Geographic distribution. Pristimantis relictus is endemic to the “Brejos de Altitude” of the state of Ceará, Northeast Brazil. This species occurs in the Planalto da Ibiapaba (municipalities of Ipu, Tianguá, Ubajara, Granja, Viçosa do Ceará), Serra de Maranguape (municipality of Maranguape), Serra da Aratanha (municipality of Pacatuba), Serra de Baturité (municipalities of Guaramiranga, Pacoti, Aratuba, Mulungu), Serra da Uruburetama ( Roberto & Loebmann 2016), and Serra da Meruoca (municipality of Meruoca) ( Figure 5 View FIGURE 5 ).

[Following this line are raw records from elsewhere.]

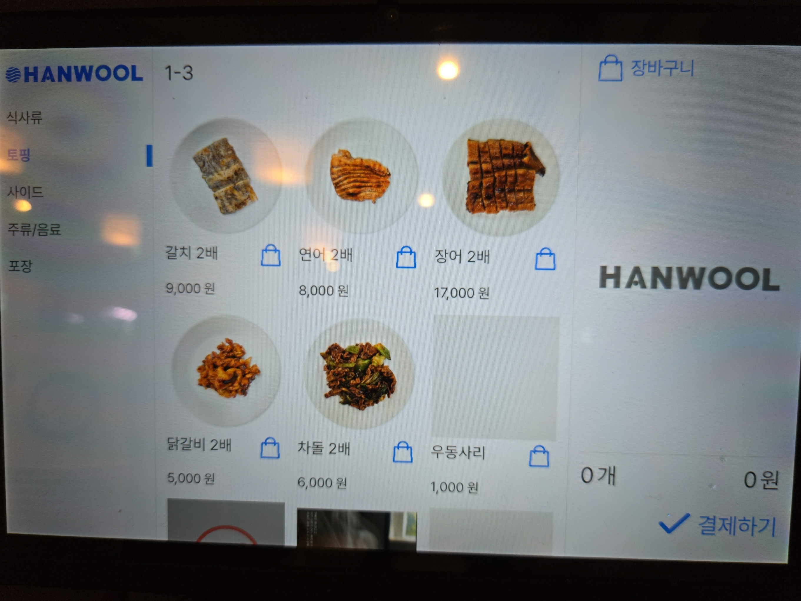 각 자리마다 마련된 태블릿으로 주문과 동시에 결제를 하면 되는 시스템이었습니다!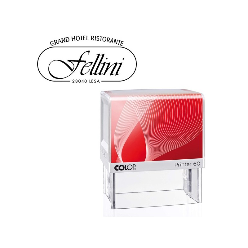 Timbro Printer 60 G7 autoinchiostante. Compatto con nuova montatura in ABS antiurto. Ampio spazio per individuazione del timbro. Dotato di tampone inchiostrato di colore nero. Personalizzabile su 8 righe con logo, indirizzo o altro testo. Area stampa 37x76mm. Tampone di ricambio E/60.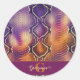 Pegatina Redonda Piel de serpiente morada y dorada monogramada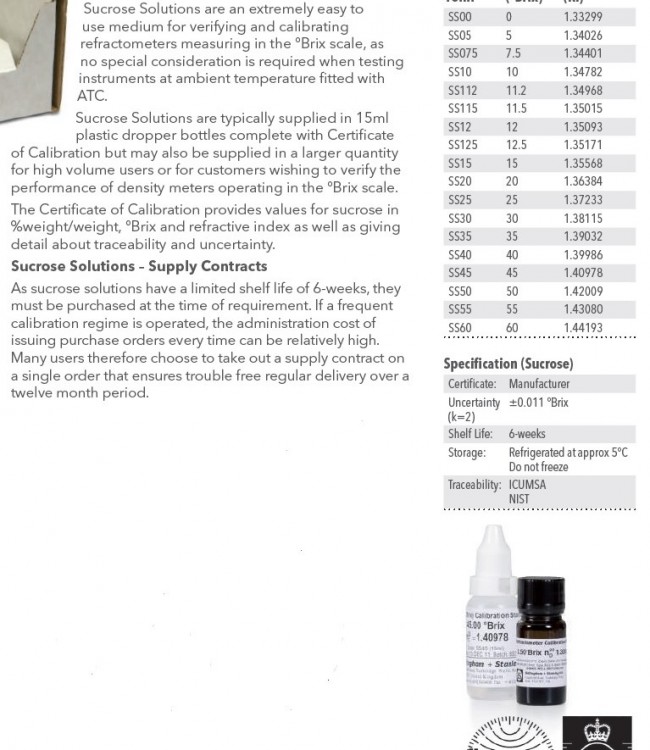 UKAS (ISO17025) certified, 6 weeks expiry, ICUMSA/NIST traceability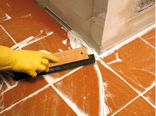 - Répandez la barbotine sur le carrelage.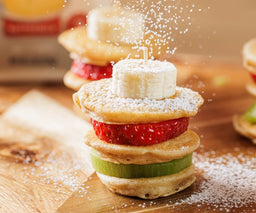 - Thread a skewer with four flapjacks, and one slice of each kind of fruit, placing the fruit in between the flapjacks.

Natural history. Pristimantis relictus occurs in dry forests and humid forests ( Loebmann & Haddad 2010; Roberto & Loebmann 2016; Castro et al. 2019), from 100 to 900 m.a.s.l. The species has a prolonged breeding period throughout the raining season from December to April. Vocalization occurs from 5 pm throughout the night, with a peak of individuals vocalizing during 6–9 pm. Individuals were found vocalizing on leaves, tree trunks and twigs, mostly facing downwards. Amplexus is axillary, and the eggs are deposited on humid surfaces of rock and wooden debris. Mature females range 28–33 mm and 1.45–3.27 g (n = 13), and clutches have 21– 53 eggs (n = 13). We observed territorial behavior involving agonistic combat and the emission of territorial and release calls; unfortunately, these calls were not recorded. At Serra de Baturité mountain range we recorded the following species occurring in sympatry with P. relictus : Boana raniceps , Dendropsophus minusculus , D. minutus , D. tapacuarensis , Pithecopus gonzagai , Scinax tropicalia , Trachycephalus typhonius , Adelophryne baturitensis , Odontophrynus carvalhoi , Rhinella casconi , R. dapsilis , R. diptycha , R. granulosa , Adenomera juikitam , Leptodactylus macrosternum , L. natalensis , L. pustulatus , L. mystaceus and Physalaemus cuvieri . See Loebmann & Haddad (2010), and Castro et al. (2019) for the anuran species that occur in sympatry with Pristimantis relictus at the Planalto da Ibiapaba mountain range.

Etymology. The specific epithet is derived from the Latin noun word relictus , meaning left behind, abandoned, in reference to the isolated geographic distribution of the species between the Amazon and Atlantic Forest, where it only occurs in mountain forests of highland marshes of the state of Ceará, Brazil.